On 2009-June-14 , at 17:53 , Scott Haneda wrote:
There are a good deal of comments on the blog as well as reddit about the no pay for version 2 issue. I am more or less in the camp of "charge for version 2", especially if the lack of a charge is in any way adding to a lack of motivation to get 2 out the door.
I also think hard work should be rewarded and TM 2.0 seems to have been hard in the making. Yet, if I recall correctly, Allan said that he did not feel like charging for TM 2 because, in his mind, TM 2 will be what TM 1 really should have been (it was in a Q&A after a talk at C4). So, in a way, all of us who paid for a finished product, "already paid" for TM 2. This is very noble of him and quite humbling when you see how good TM 1 already is, despite the rough edges.
Of course Allan's financial situation might have changed (2 years is a long time) but if he still feels like he can live out of the new purchases, I think there is another hard work that's essential and could be rewarded with the money everyone seems ready to spend. TM is great because of its bundles and there's been a healthy, hard-working and productive open-source community built around those. I think bundle developers typically did not expect money in return for their work. But TM is not free software and since there is money involved, it would seem fair that those deserving people get their share too. I don't know which form that could take. It could be a donation page where every one chooses which bundles (s)he wants to give money to, or Alllan picking the bundles he sees as most active and most used. It would be even nicer if it could bring some value back to TextMate, like, for example, employing Michael Sheets part or full time to manage the bundles (if that is not already the case).

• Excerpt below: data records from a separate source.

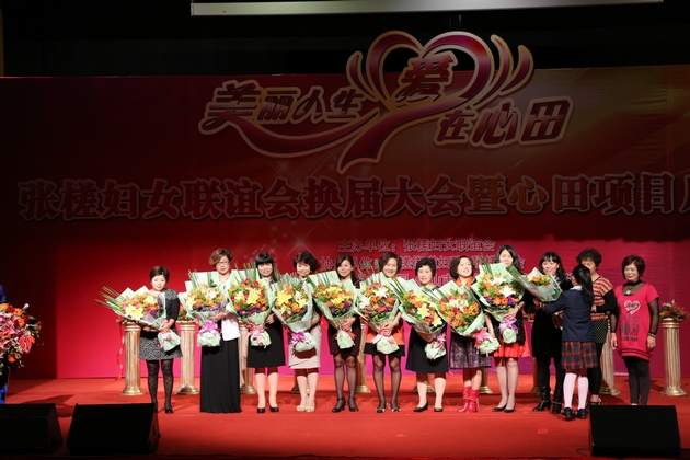 当天,除了表彰总结历年来张槎妇女联谊会取得的成果、完成新旧交接之外,还举行了“心田项目”的启动仪式。 ![]() 小学生们向新一届张槎妇女联谊会会长、理事献花
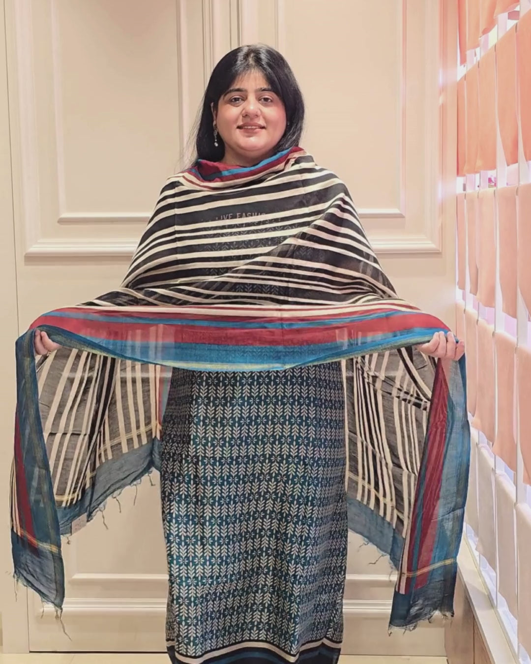 A perfect blend of ethnic block print on pure handcrafted Maheshwari silk fabric. Kurta length 2.5 m approx, bottom length 2.5m approx , dupatta length 2.5 m approx
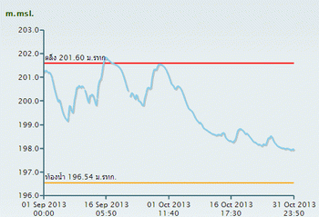 2.พายุไต้ฝุ่น "นารี" (NARI) ก่อตัวบริเวณมหาสมุทรแปซิฟิก และได้เคลื่อนขึ้นฝั่งบริเวณชายฝั่งเมืองดานัง ประเทศเวียดนาม ในวันที่ 15 ต.ค. 56 หลังจากนั้นได้อ่อนกำลังลงเป็นพายุโซนร้อนและเป็นพายุดีเปรสชันในวันเดียวกัน ขณะเคลื่อนตัวผ่านตอนล่างของประเทศลาว จากนั้นได้อ่อนกาลังลงอีกเป็นหย่อมความกดอากาศต่ำกาลังแรงก่อนเคลื่อนเข้าปกคลุมประเทศไทยในพื้นที่ภาคตะวันออกเฉียงเหนือตอนล่างบริเวณจังหวัดขอนแก่น ชัยภูมิ นครราชสีมา บุรีรัมย์ และมหาสารคาม ส่งผลให้เกิดฝนตกหนักในพื้นที่ภาคตะวันออกเฉียงเหนือตอนกลางและตอนล่าง รวมถึงภาคตะวันออก บริเวณจังหวัดขอนแก่น ชัยภูมิ นครราชสีมา บุรีรัมย์ มหาสารคาม สระแก้ว ปราจีนบุรี ฉะเชิงเทรา และชลบุรี ในช่วงวันที่ 15-17 ต.ค. 56 หลังจากนั้นหย่อมความกดอากาศต่ำดังกล่าวได้เคลื่อนตัวไปทางทิศตะวันตกและเข้าปกคลุมภาคเหนือตอนล่าง ส่งผลให้มีฝนเพิ่มขึ้นในพื้นที่ภาคเหนือตอนล่างและภาคกลางตอนบนบริเวณจังหวัด แม่ฮ่องสอน เชียงใหม่ ตาก กำแพงเพชร นครสวรรค์ อุทัยธานี และกาญจนบุรี ในช่วงวันที่ 17-18 ต.ค. 56
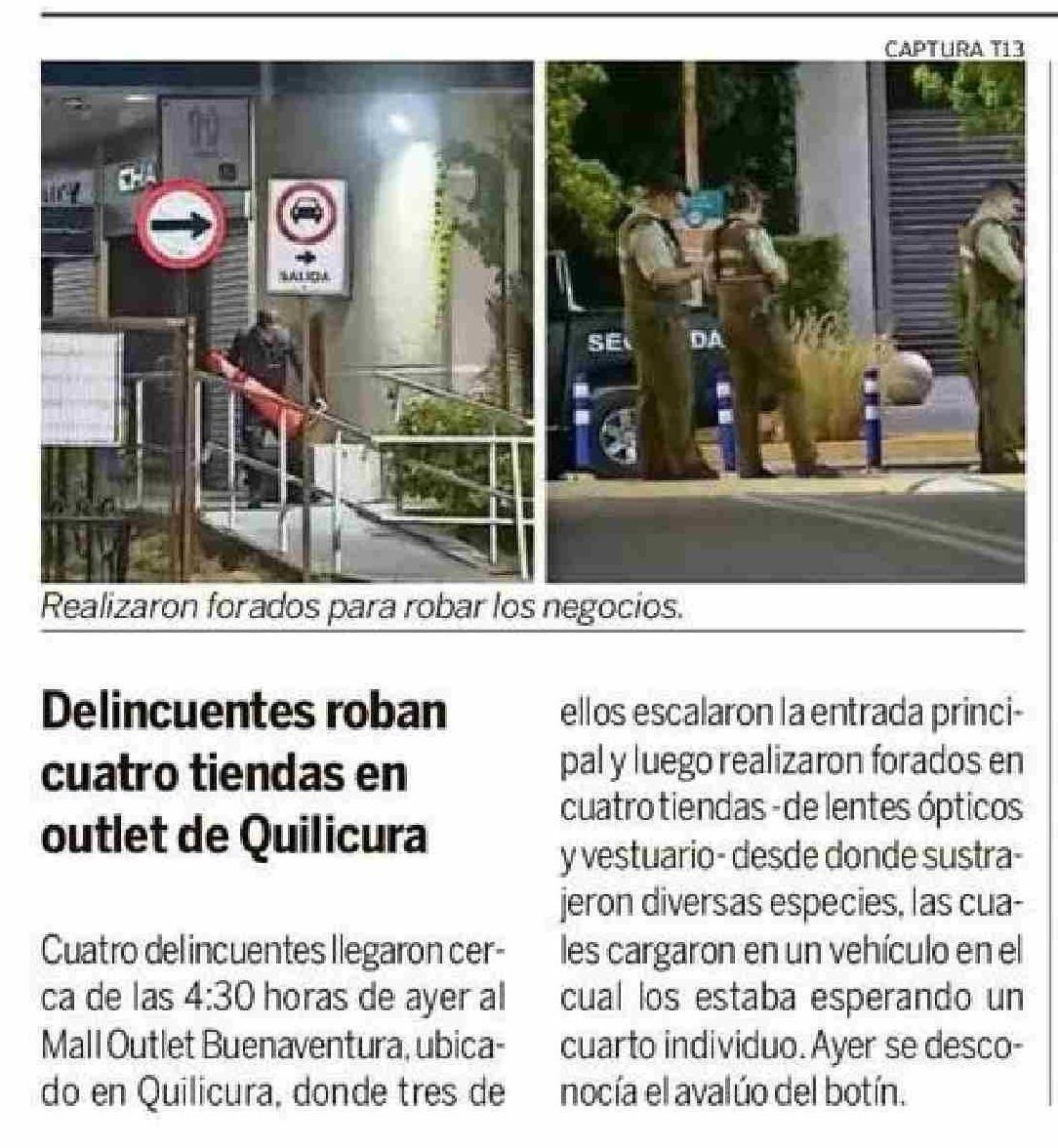 | Título: | Delincuentes roban cuatro tiendas en outlet de Quilicura |
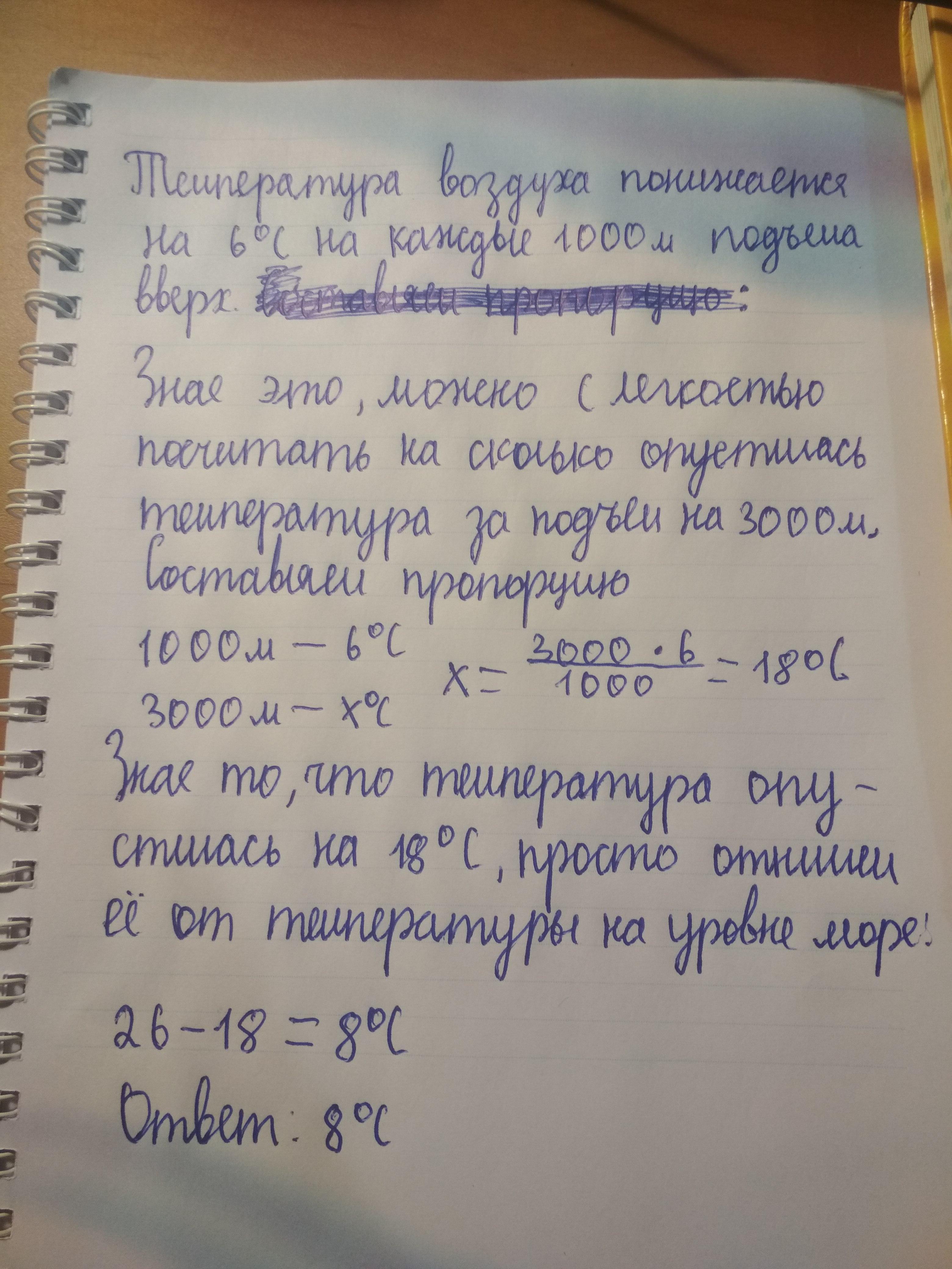 Определите температуру воздуха за бортом самолета который летит на высоте 3.000 м если температура на уровне моря плюс 26 градусов Цельсия

Or paying some bounties for the development of specific features in bundles, the polishing of what potentially unexperienced bundles developers produced, the unification of some behaviors across bundles etc.
Anyway, that's just an idea and Allan has probably thought about that before. I just wanted to take this opportunity to acknowledge the work of all those people working around but outside of TextMate and maybe get the ball rolling in their direction.
PS: for full disclosure, I am subscribed to TextMate dev, committed a few things here and there, and improved the Fortran bundle. But I don't consider myself a bundle developer at all. There are plenty of other people that devoted much more of their time to make some great bundles.